Billingsley's first acting role was as a two-year-old in a Geritol commercial with Betty Buckley playing his mom. He went on to star in about 120 television ads throughout the 1970s and early 80s. At 12 he was quoted as saying: "After 100 (commercials), you lose count." He was likely best known for a series of commercials for Hershey's chocolate syrup in which he portrayed the popular character Messy Marvin.

One of Billingsley's earliest film roles was 1978's If Ever I See You Again (film), written and directed by Joseph Brooks.

His role in 1981's Paternity opposite Burt Reynolds earned a nomination for "Best Young Comedian - Motion Picture or Television" at The Young Artist Awards. Also in 1981, he appeared in Honky Tonk Freeway, and that October was a guest on The Tonight Show Starring Johnny Carson.

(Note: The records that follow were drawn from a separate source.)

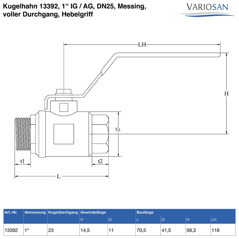 VARIOSAN Ball Valve 13392 1 Inch Female Thread / Male Thread DN25 Brass Full Flow Lever Handle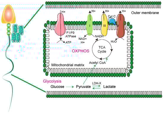 Schematic image of OXPHOS and glycolysis in spermatozoa. Pyruvate is produced by glycolysis and is then converted to lactate in the principal piece of spermatozoa by lactate dehydrogenase. Then, pyruvate in the principal piece is transported inside into the mitochondria and it is used as fuel for TCA cycles, which produce the NADH. OXPHOS take place in mitochondria of sperm midpiece. Oxidation of NADH in the electron transport chain produce the ATP molecules by OXPHOS.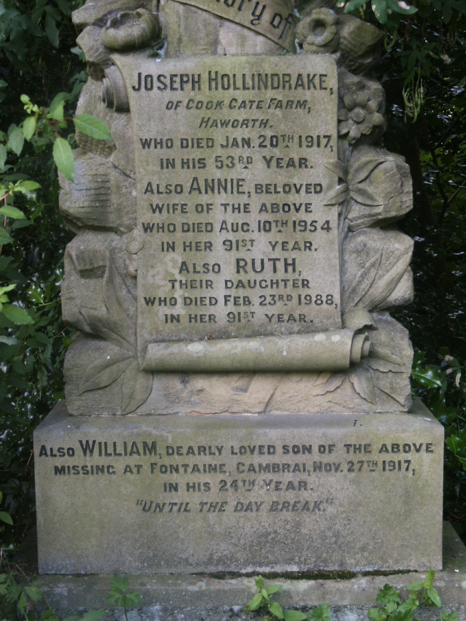 William was also named with a memorial inscription on the Hollindrake family grave which is in Haworth Cemetery.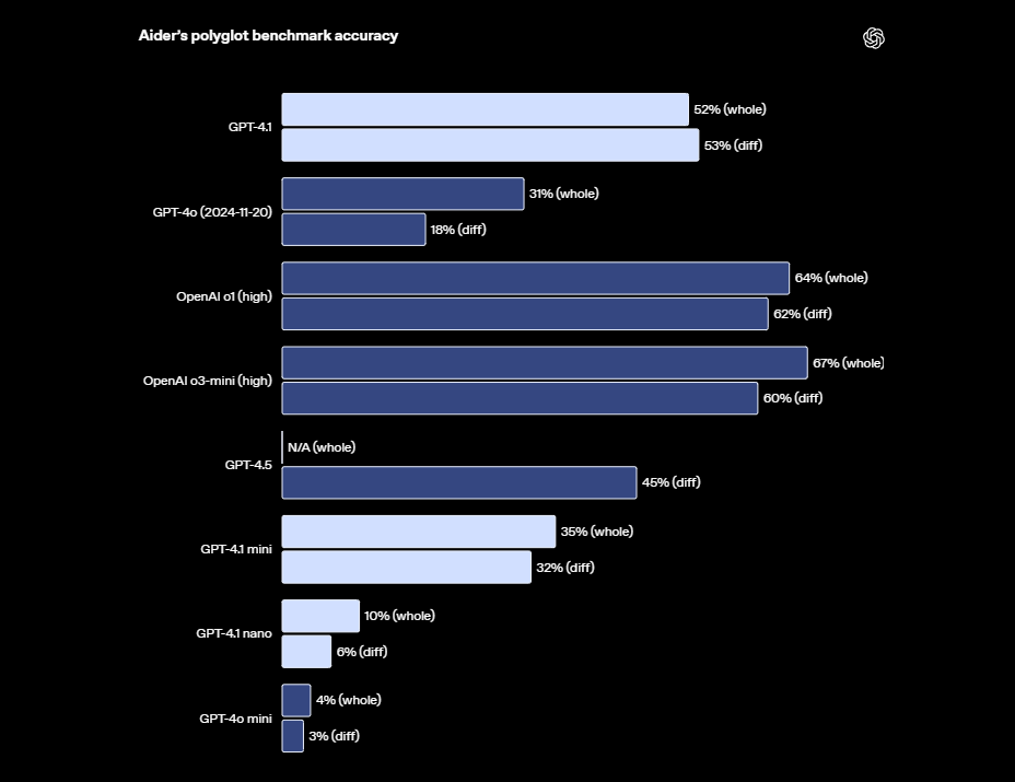 对于希望通过 API 编辑大型文件的开发者来说,GPT‑4.1 在多种格式的代码差异(code diff)处理上表现更加可靠。在 Aider 的 polyglot diff 基准测试中,GPT‑4.1 的得分是 GPT‑4o 的两倍以上,并且比 GPT‑4.5 高出 8 个百分点。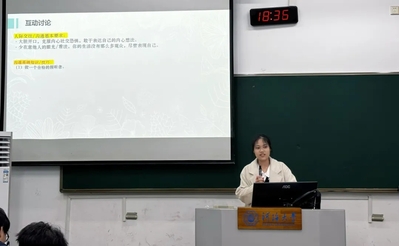 在第一个环节里,韩可欣聚焦班会主题,向大家分享了许多人际沟通的小技巧。同学们认真倾听,受益匪浅。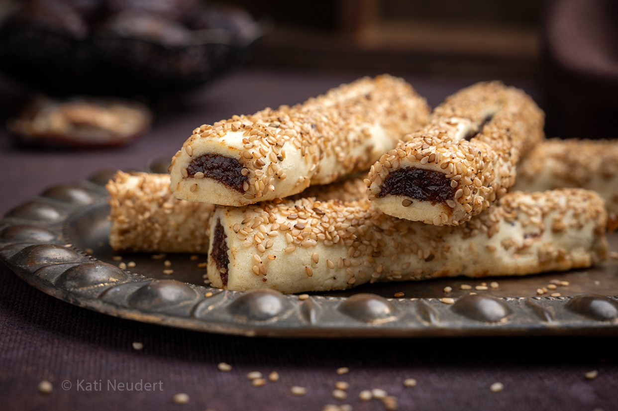 Vegane Dattelfinger: Weiche Mürbeteigrollen, gefüllt mit Dattelpaste und ummantelt mit hellem Sesam.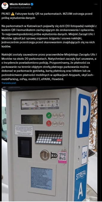 As reported on the "City of Katowice" profile on platform X (https://x.com/miasto_katowice), on November 20, 2024, stickers with QR codes were found on local parking meters. Scanning the QR code led to a website designed to steal personal data (fig. 13).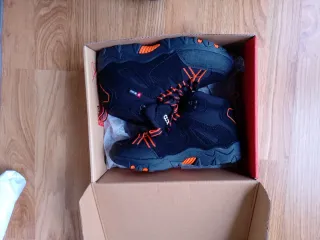 Botas de trekking para niñas y niños con suela de goma y diseño deportivo. - Suela de goma con buen agarre. - Combinación de colores negro y naranja. - Cierre de cordones.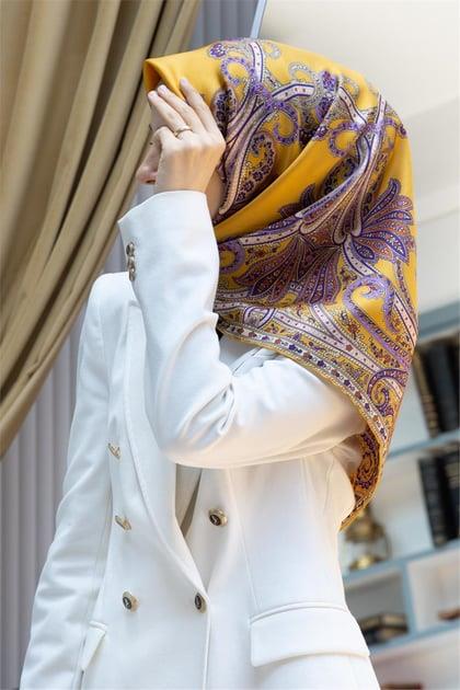 Vissona Tivil İpek Eşarp 60777 – 7 – 0011 Sarı Etnik Desen

In 1982 Billingsley starred in several features, including Death Valley, Massarati and the Brain, and the made-for-TV movie Memories Never Die with Lindsay Wagner and his sister, Melissa Michaelsen. He had a featured guest role as Gideon Hale on Little House on the Prairie, began a three-year stint as a co-host on NBC's popular Real People (which would land him another Young Artist Award nomination), and he hosted a two-episode offshoot of the show called Real Kids.

In 1983 Billingsley starred in A Christmas Story, based on Jean Shepherd's In God We Trust, All Others Pay Cash, which built its audience slowly over the years and is now broadcast for twenty-four hours from Christmas Eve until Christmas Day on TBS. A Christmas Story tells of a boy named Ralphie who wants nothing more than a Red Ryder BB gun for Christmas, while all the grown-ups in his life discourage him with the warning that "you'll shoot your eye out." This film earned Billingsley another Young Artist Award nomination, and is arguably the one role he is most associated with. Billingsley himself has been quoted as saying that people still approach him on the street, only to say "you'll shoot your eye out, kid!"

In 1984 Billingsley starred in an adaptation of The Hoboken Chicken Emergency with Dick Van Patten and Gabe Kaplan, a special Thanksgiving episode of the PBS series WonderWorks. He also appeared on a "Super Teen" special edition of the popular Family Feud and on the game show Celebrity Hot Potato. As the late 1980s approached, Billingsley's acting career slowed. He was a guest star on Who's The Boss?, Punky Brewster, The Wonder Years, and Highway To Heaven, and appeared in the film The Dirt Bike Kid (for which he won a Young Artist Award), and Carly's Web, Russkies (alongside a young Joaquin Phoenix) and Beverly Hills Brats.

The early 1990s saw Billingsley tackling older roles such as a would-be jock who gets hooked on steroids in the CBS Schoolbreak Special The Fourth Man. On that project he formed a close friendship with Vince Vaughn.

His next Schoolbreak Special appearance was in 1994's The Writing on the Wall, starring Hal Linden as a rabbi who teaches three boys about the horrors of intolerance after they are caught defacing his home, temple, and car with swastikas and anti-Semitic graffiti. Billingsley was nominated for an Emmy Award for this role.